New York mayor Michael Bloomberg — otherwise known as “Food-Nanny Mike” — announced another health initiative today. Now he wants to reduce the amount of salt in food. Interestingly, some food companies have already been removing salt from their products for years. Did you know that?
New York’s salt-lowering planis supported by 26 other cities and organizations. It aims to cut the salt in packaged and restaurant foods by about 20% over five years. From the press release:
“Consumers can always add salt to food, but they can’t take it out,” said Dr. Thomas Farley, New York City Health Commissioner. “At current levels, the salt in our diets poses health risks for people with normal blood pressure, and it’s even riskier for the 1.5 million New Yorkers with high blood pressure.
The health commissioner says only 11% of the salt Americans eat comes from their own saltshakers. Unlike Mayor Bloomberg’s initiatives to cut trans fats and require restaurants to post calorie information, the National Salt Reduction Initiative is voluntary. The Subway restaurant chain has agreed to go along, but other companies say it’s too aggressive. Here’s Campbell’s press release:
“We share a common goal to help improve the health of Americans, but our path to get there is very different,” said Chor-San Khoo, Vice President of Campbell’s Global Nutrition and Health. “We appreciate the opportunity to participate in meetings with New York City officials to share key lessons from our long-standing sodium reduction efforts. Their sodium reduction vision is laudable. However the targets proposed are quite aggressive and difficult to achieve, particularly in the recommended timeframes.”
What Campbell’s means by its “long-standing sodium reduction efforts” is explained in today’s Wall Street Journal:
Instead of offering foods labeled as low salt that few people eat, they are gradually reducing the salt from some of their most popular items–and not making a big fuss about it on the label.
By next summer, ConAgra Food Inc.’s Chef Boyardee canned pasta will have decreased its sodium by about 35% over the course of five years without a word on the package. Campbell Soup Co.’s original flavor of V8 100% vegetable juice also silently dropped its sodium by 32% over eight years.
Why are companies being stealthy about going healthy? Apparently, people need to be weaned off salt. They don’t seem to like it when you banish the sodium all at once:
In the early 1980s, after public-health advocates began sounding alarms, Kellogg Co. launched Low Sodium Kellogg’s Corn Flakes and Low Sodium Kellogg’s Rice Krispies. They had no sodium per serving versus 300 milligrams in the original cereal–and few buyers. Kellogg scrapped the products after four years.
Consumers thought the new products were “bland and devoid of flavor,” says Celeste Clark, who was then the cereals’ brand manager and today is the senior vice president of global nutrition.

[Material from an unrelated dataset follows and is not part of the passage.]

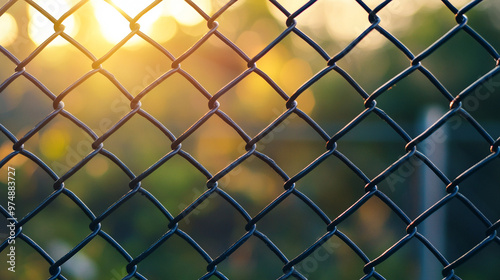 Fototapeta premium chain-link fence stands out against a softly blurred background, symbolizing...

That experience helped push Kellogg to reduce sodium gradually while focusing on maintaining consumers’ acceptance of how the products taste. Kellogg’s All-Bran cereal shed three-fourths of its sodium over 20 years as the company simply added less salt.
Besides being a flavor-enhancer, salt is a preservative, ensuring food lasts longer. Reducing it is somewhat expensive, so why would companies want to take it out? It appears they saw a measure like Bloomberg’s coming, or perhaps they were worried people might start suing for being salted to death?
What do you think of the New York measure?